Any chance you could give us a quick block by block explanation of how the tracking works?

(e.g 1 - Filter roughly <1kHz
       2 - Make signal Square
       3 - Amplify/compress suitably for the LM2917 input
       4 - Send LM2907 to <this circuit> to make linear Control Voltage
....)
Piss poor playing is why i make pedals.

liquids

Quote from: gcme93 on May 29, 2013, 01:32:59 PM
Eurgh that tracking is insaane! That is beautiful.

I had a quick scan through that thread, and I completely get your logic as to not posting a schematic - it's not the kind of project you can copy pin for pin and adjust the voltages to what they "should be".

Any chance you could give us a quick block by block explanation of how the tracking works?

(e.g 1 - Filter roughly <1kHz
      2 - Make signal Square
      3 - Amplify/compress suitably for the LM2917 input
      4 - Send LM2907 to <this circuit> to make linear Control Voltage
....)

Thanks.

I don't really remember.  It's probably all somewhere on breadboards in boxes, but if I could even re-trace it and get it working again is questionable.
It's probably somewhere amid emails, but I probably won't go searching again until I'm back to tinkering (been a while now...)

I had a ton of ideas I never even got to implement but it was pretty good as-is, agreed.  
One added idea was adding a hybrid filter for the tracking which utilized "static" filtering AND a "tracking" filter.  The DOM/EH does a tracking filter in essence...but this was a completely different approach to try out, especially in conjunnction with static filtering (that's all I had going there for pre-filtering).

So, while not necessarily in this order, but much like you said....filter, boost compress, make Ultra SquareSquareSquare.    
Check out the LM29x7 datasheet and see what it does...it puts out a voltage.  Hook up your oscilliscope, and see what it does for voltage when you feed it a big loud note over the course of time...

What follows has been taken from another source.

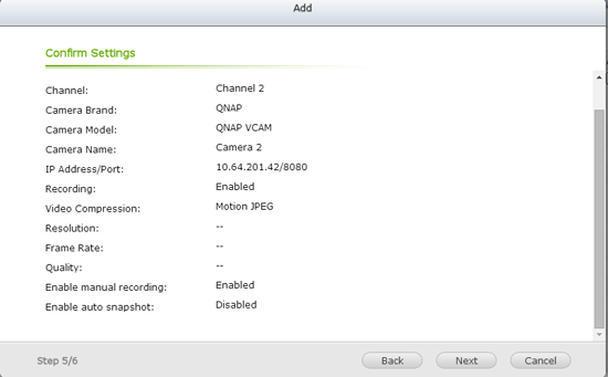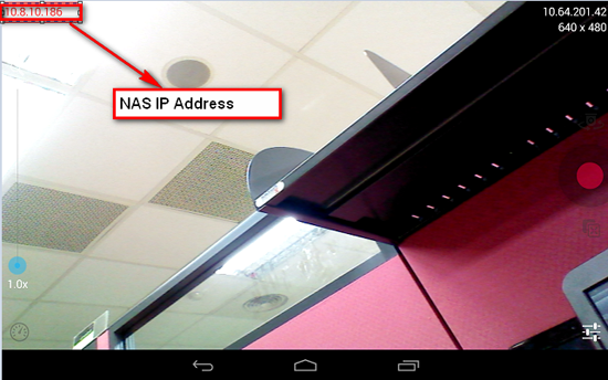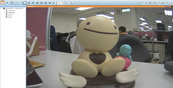 至此,您已将网络摄影机新增至视频监控中心。您可以移至Vcam监控页面来观看监控画面。您可以在画面左上角观察到NAS的网络地址。如果画面左上角没有显示NAS的网络地址,代表联机没有建立成功,请再确认联机及网络状况。

From there, there should be some sense with Scott Gravenhorsts Paia circutry.  I probably posted a bit about this at electro-music too...but it's been~ a year, give or take a year.

There's a heckofalotta stuff to figure out because even if I DID know and offer all the blocks, tweaking would be critical. I learned from the synthbox project and a few other experiences that people that "can't play" will blame their build/the circuit anyhow.   :D  

The PLL 4046 is a much easier place to start and refine tracking, glitchiness, etc.  It's got a VCO already.  Sure it's got a different sound and it's got some quirk and it's not a sawtooth...but, hey, one block at a time...
Breadboard it!

Gurner

#29
Bit late into this thread, but this piqued my curiousity....

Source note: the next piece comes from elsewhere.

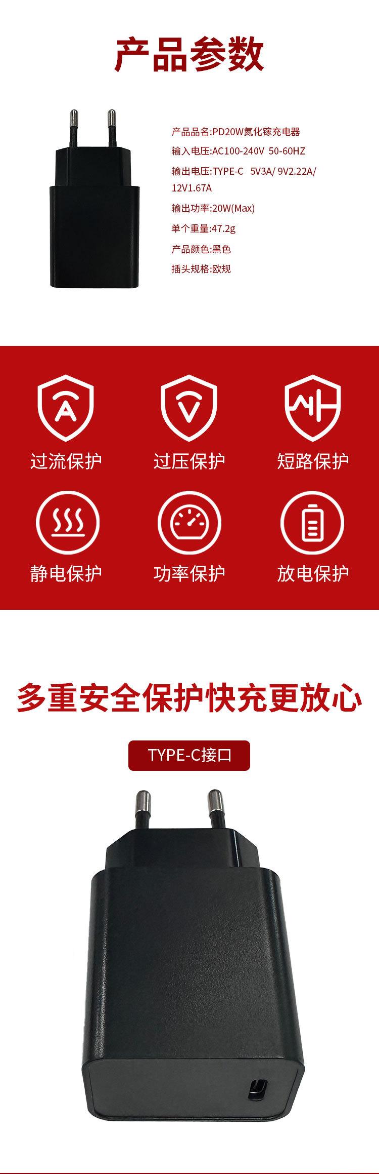 Cargador rápido PD20W estándar europeo para teléfono móvil, cabezal de carga flash, cabezal de fuente de alimentación de cargador superrápido Tpye-c

Quote from: R.G. on October 09, 2010, 10:48:25 PM
Another approach is to lowpass-filter the guitar output so it only has one zero crossing per fundamental cycle, convert that to a square wave, then run the square wave into the reference input of a phase locked loop (PLL).

....how can you implement an LPF that will stamp on the second harmonic at 82Hz & all the way through 1200hz? (ie the approximate full fundamental range of a standard electric). Unless I'm missing the cut & thrust of your suggection...let's say you implement an LPF to squash the 2nd harmonic for 82hz      ...then any notes that are higher than say 120hz are going to be heavily attenuated. This is all fine if you only play low open E...but what happens when the next note you play immediately afterwards is top open E? (about 330hz...it won't get through the LPF?)